Love in the years of “Cold Intimacy”, which was inaugurated in December 2022, edited by the director of EMST Katerina Gregou.

The artists focus is on the effect that the internet, social media and the modern economy of technology has on relationships and modern life.

With the exhibitions of Michael Karikis, Eleni Bagakis, Erika Skurtis, Hannah Toticki, Melanie Bonajo and the in situ painting installation of Dan Perjovschi, an exhibition route is woven throughout the museum, with the large group exhibition as the central axis “Modern Love. Love in the years of Cold Intimacy”.
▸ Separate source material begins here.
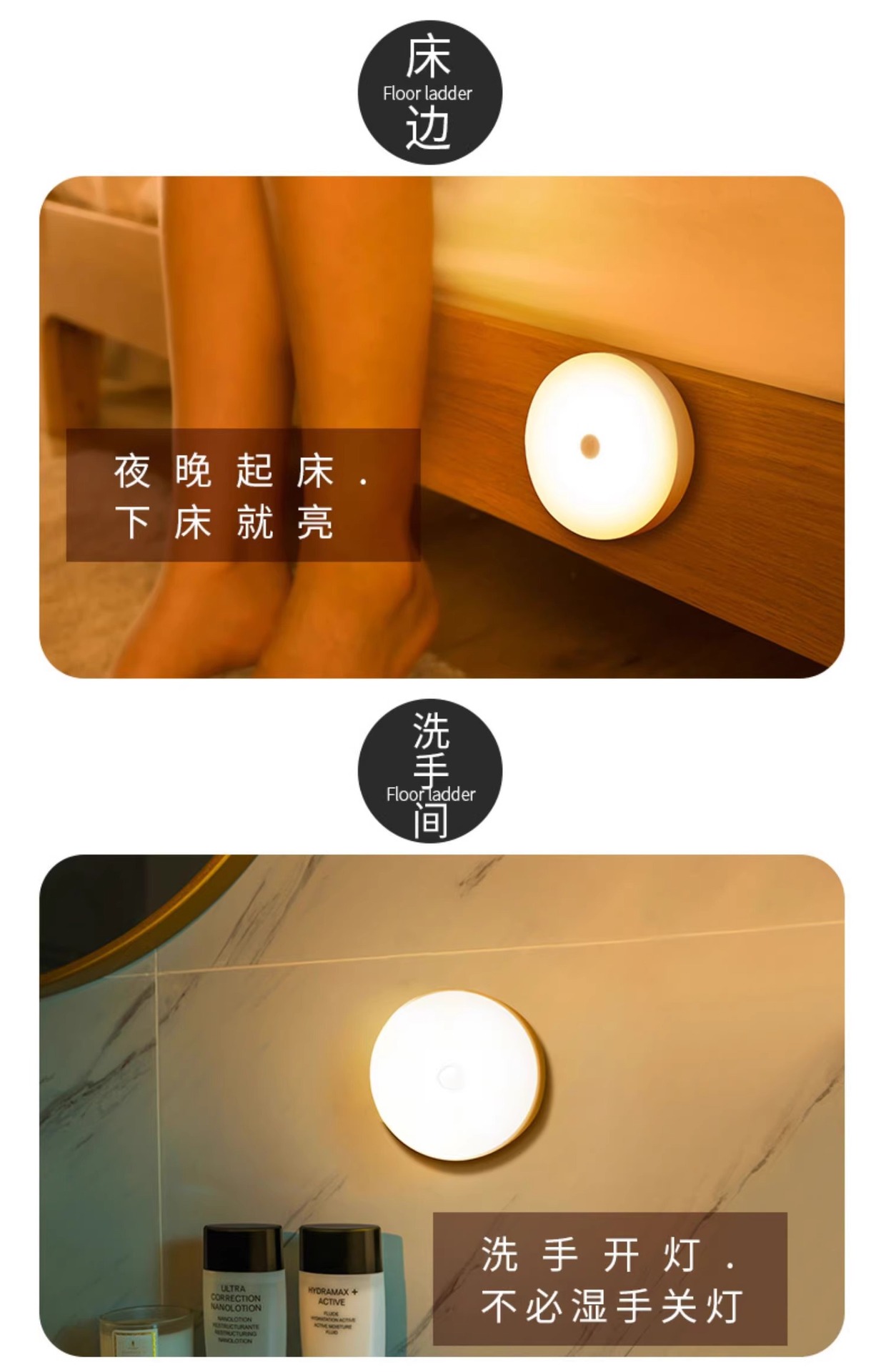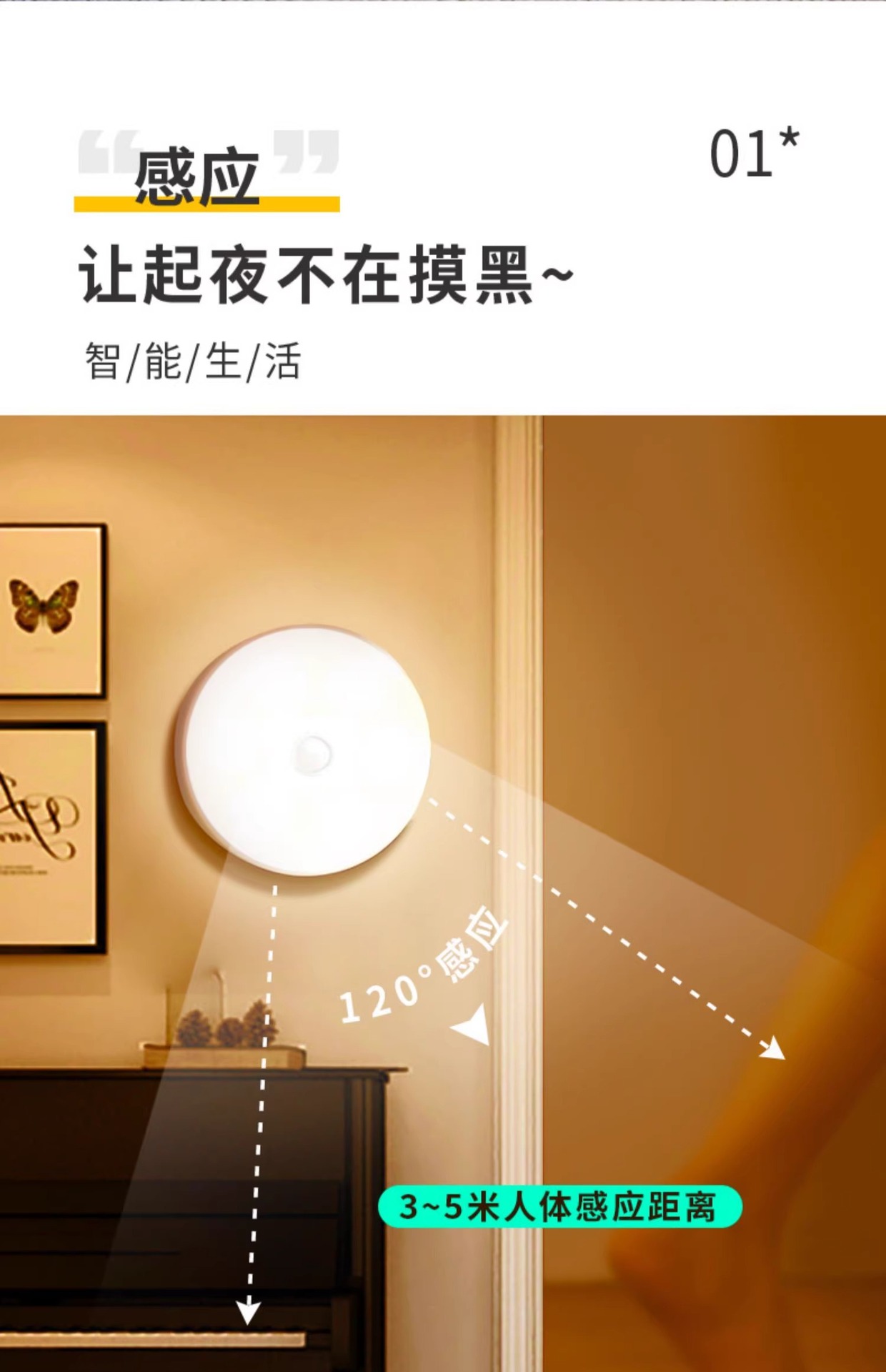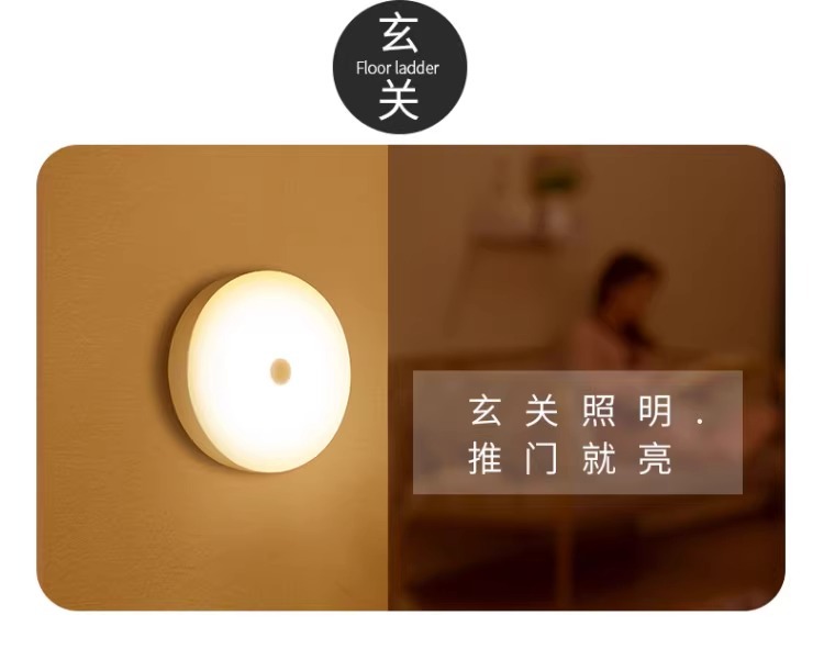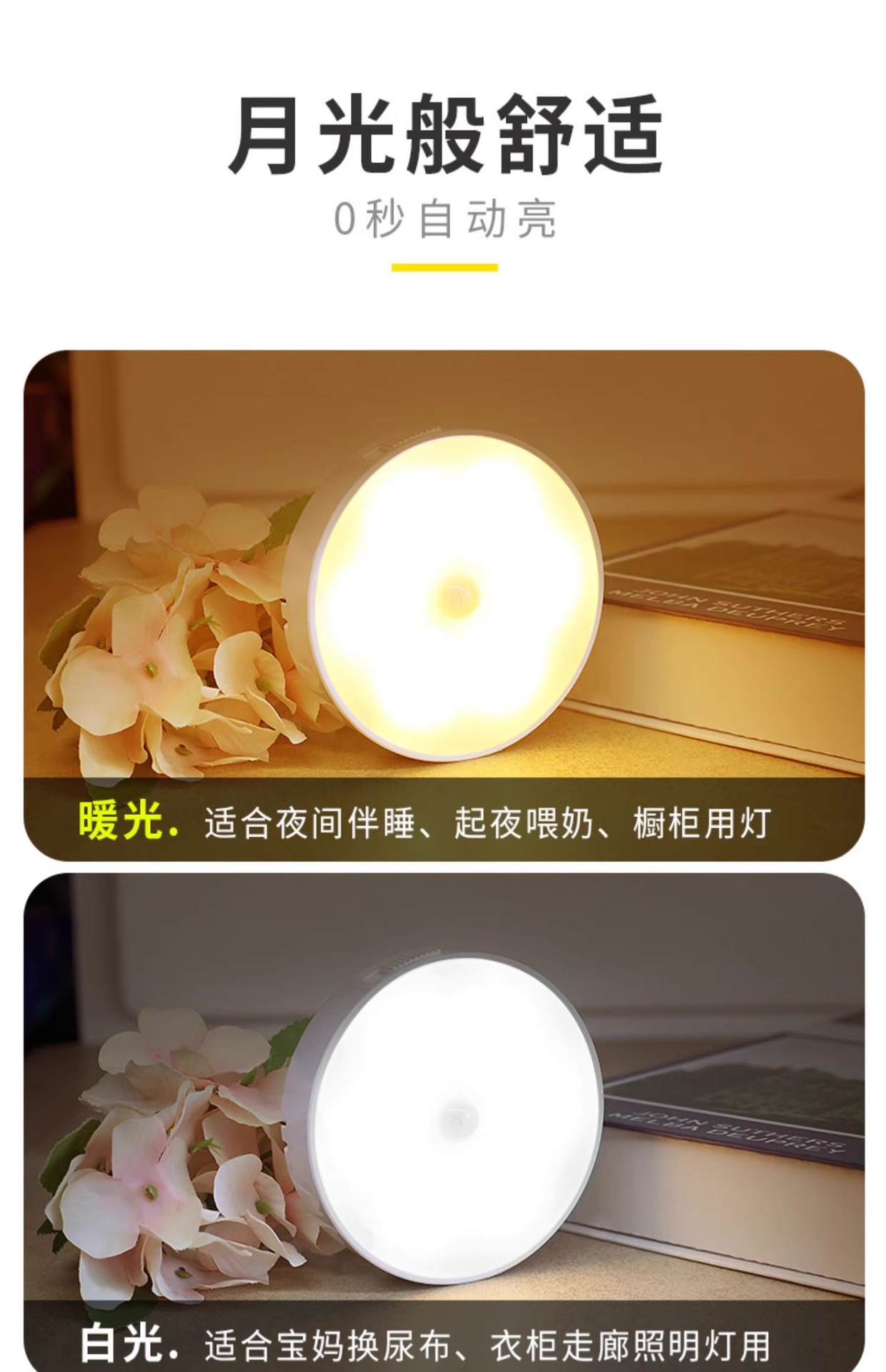 LED小夜灯床头卧室橱柜楼梯自动光控磁吸充电迷你智能人体感应灯

Starting from the ground floor of the museum, Danish artist Hannah Toticki, under the title “Everything, everywhere all the time” examines the emotional architecture created by work environments in Western societies, the effects of burnout on everyday life, work addiction and working life as forms of a possible secular religion, and the problematic role of insomnia in a society struggling for productivity, acceleration and growth. As part of the opening, the performance of “In Sacred Work” will be presented at 18.00 and 20.00.

Eleni Bagaki shapes her painting exhibition “Something like a poem, a nude, and flowers in a vase” as a condition of dreamlike wandering and observation on desire, sexuality, and erotic search.

Erika Skurtis turns viewers into witnesses of her personal life with her autobiographical work “All your faces”, where personal biography meets the collective, the personal interacts with the political and reality with fiction.

Acclaimed artist of the diaspora Michael Karikis presents on the fourth floor of the museum six pivotal video-audio installations from his artistic career in the last decade. In his exhibition, entitled “Why we are together”, the common denominator of the works is the special polyphonic poetics of Karikis, which, through different narratives and a sense of solidarity, connects groups of people fighting for a better future.

Melanie Bonajo from the Netherlands, with ‘Progress vs Regress’ explores the impact of technological innovations on senior citizens, who have experienced the most sudden changes in human history.

The Romanian Dan Perjovschi, known for his cartoons inspired by current affairs, politics, social issues and modern pathogens, creates at EMST and in his first solo museum exhibition in Greece, a new, large-scale mural, almost 30 meters, directly on the largest wall of the EMST foyer. Title of the project “The Long Wall Report Drawing on a wall”.